Ill cast my vote for enjoying The first Gaunts Ghosts novel. I never saw Gaunt as a Mary Sue in that book. 

He doesn't really do anything super fantastic that is not supposed to be done by great Commissars. 

Also the Jantine Patricians are arrogant @$$holes which is why they dont get along with Gaunt. This goes right into Dravare, who is both arrogant and ambitious and so doesn't care about his troops as long as he wins in the end.

Dravare is no different from one of the "Friendly Generals" in Rebel Winter who has the spider legs and is amibtious and doesnt care about his troops, though not to the extant that Dravare does.

Also Dravare is noted to be both pompous and highly influential due to family connections IRRC.


----------



## ckcrawford (Feb 4, 2009)

Not a huge fan, but in my opinion there's so much that can be done by trying to make regular beings extraordinary.

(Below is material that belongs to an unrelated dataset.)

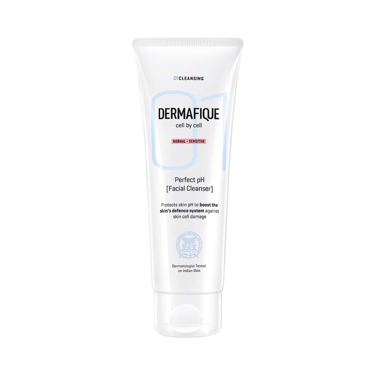 Forget about skin damage with the Dermafique Perfect Ph Facial Cleanser (100ml). This vitamin E face cleanser deeply cleanses the skin and maintains the skin's pH level. It is a moisturizing cleanser that locks moisture in the skin. The Dermafique facewash is also a skin-protecting cleanser that repairs damaged skin cells.Key Features & Benefits:Infused with chamomile extract to repair damaged skin cellsRemoves pollution, dirt, and impurities for clear skinNourishing facewash maintains the pH level of the skinFree from soap, alcohol, and paraben for safe useKey Ingredients:Chamomile extract: Protects skin cells from damageVitamin E: Moisturizes the skinAll Ingredients:Aqua, Sodium Lauroyl Sarcosinate, Decyl Glucoside, Acrylates/Steareth-20 Methacrylate Crosspolymer, Ethyl Alcohol, Peg-400, Peg-40 Hydrogenated Castor Oil, Glycerin, Isopropyl Myristate, Cocamidopropyl Betaine, Sodium Methyl Cocoyl Taurate, Panthenol, Tocopheryl Acetate, Chamomile Extract, Fragrance, Triethanolamine, Diethyl Phthalate, Dmdm Hydantoin, Linalool, Limonene, Butylphenyl Methylpropional, Benzyl Salicylate, Hexyl Cinnamal, Alpha-Isomethyl Ionone, Ci 12490How to Use:Apply a thin layer on dry skin. After it starts foaming, leave it on for 3-5 minutes, wet your fingertips, and massage your face in circular motions to remove dead skin cells. The last step is to rinse with lukewarm water for healthier skin.About the Brand:Dermafique is an integral, intelligent skin care system that combines active ingredients and scientific innovations jointly developed by the expertise of dermatologists and cell biologists. Dermafique works with skin physiology to address skin problems that internal or external factors may cause. Healthy skin is built cell by cell, step by step, using proper skin care methods backed by science and skin-friendly products. This philosophy has led us to create Dermafique, a premium skincare brand specially formulated for Indian skin.
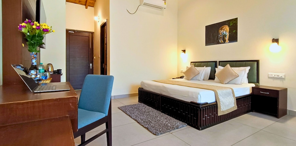 Com uma estadia Leela Vilas By Asapin Hotels em Ramnagar, ficará na serra, a 15 minutos de carro de Parque Nacional de Corbett e de Templo de Garija. Este resort está a 9,1 km (5,7 mi) de Reservatório de Ramnagar Kosi e a 9,2 km (5,7 mi) de Dhangarhi Museum. Sinta-se em casa num dos 114 quartos. Mantenha-se em contacto graças à internet sem fios. As casas de banho estão equipadas com um polibã. As comodidades incluem ainda secretárias e áreas de estar separadas. A limpeza dos quartos é efetuada Limpeza dos quartos a pedido. As distâncias são apresentadas à 0,1 milha e ao quilómetro mais próximo.

It's really hard for me to read some of this type of stuff and not roll my eyes. But it is what it is, and you should kind of expect it when you picked it up. I guess there's just so much you can take. I can accept some words of what he tries to do when he moved some concepts to heresy novels. Otherwise I couldn't finish the series even though many of my friends really liked it. I actually feel ashamed because it's not like me to just give up on something I read even if I despise it. 

I figure it's a matter of taste because everytime I discuss BL novels with my friends, that series always gets mentioned and I hear very positive things about it.


----------



## hailene (Aug 28, 2009)

CJ95 said:


> And then it happens......again.......big rich snooty Regiment orders their artillery to bombard the position of Gaunts Ghosts because...

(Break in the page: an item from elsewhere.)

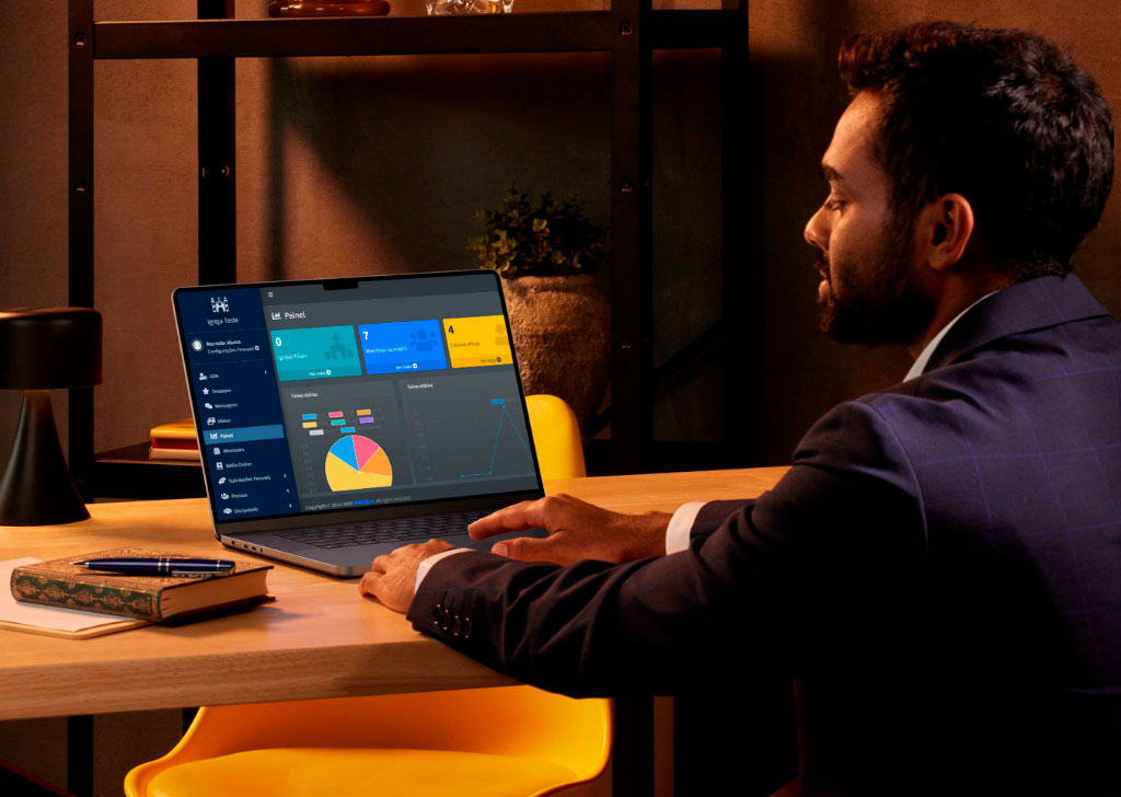 Nosso sistema é totalmente responsivo. Ou seja, pode ser acessado através de computadores, tablets ou celulares e o sistema se adequará ao dispositivo utilizado.

I thought it was stated pretty clearly? Gaunt's long known emphasis for valuing the lives of his men (note, that the Patricians consider them savages not worth saving) is grating. It's like someone urging you to save your feces for a compost heap...over and over and over again.

Then of course these same piles of shit do something your own vaunted Patricians can't do. That hurts your pride.

Are these commanders upstanding individuals? Hell no. Is it reasonable for a universe to have such men? I think so.

We might look down on these men as unreasonable, but even a few centuries (for some of us, even less!) we were buying and selling people in our own countries and sometimes literally working them to death.

It's about perspective, I suppose.


----------



## Scrad (Apr 4, 2014)

CJ95 said:


> Most of all I'm hating the stupid ass rivalry with the Jantine Patricians who are nothing more than 2 dimensional evil cutout evil-doers. Why are they feuding? It seems only because Gaunt is the good guy and therefore they hate him.


Isn't it First-and-Only that has a flashback arc spaced in-between chapters to explicitly explain this particular feud? You're missing out if you didn't finish this. Valuable backstory into Gaunt. 

Agreeing that Abnett's skills steadily improved through the GG series - though the first few novels aren't bad, they're just outclassed by later writing. Gaunt4ever


----------



## CJ95 (Oct 8, 2014)

doofyoofy said:


> Dravare is no different from one of the "Friendly Generals" in Rebel Winter who has the spider legs and is amibtious and doesnt care about his troops, though not to the extant that Dravare does.
> 
> Also Dravare is noted to be both pompous and highly influential due to family connections IRRC.




Im glad you brought up the Vostroyan General in Rebel Winter, because it helps me explain what Im finding so annoying.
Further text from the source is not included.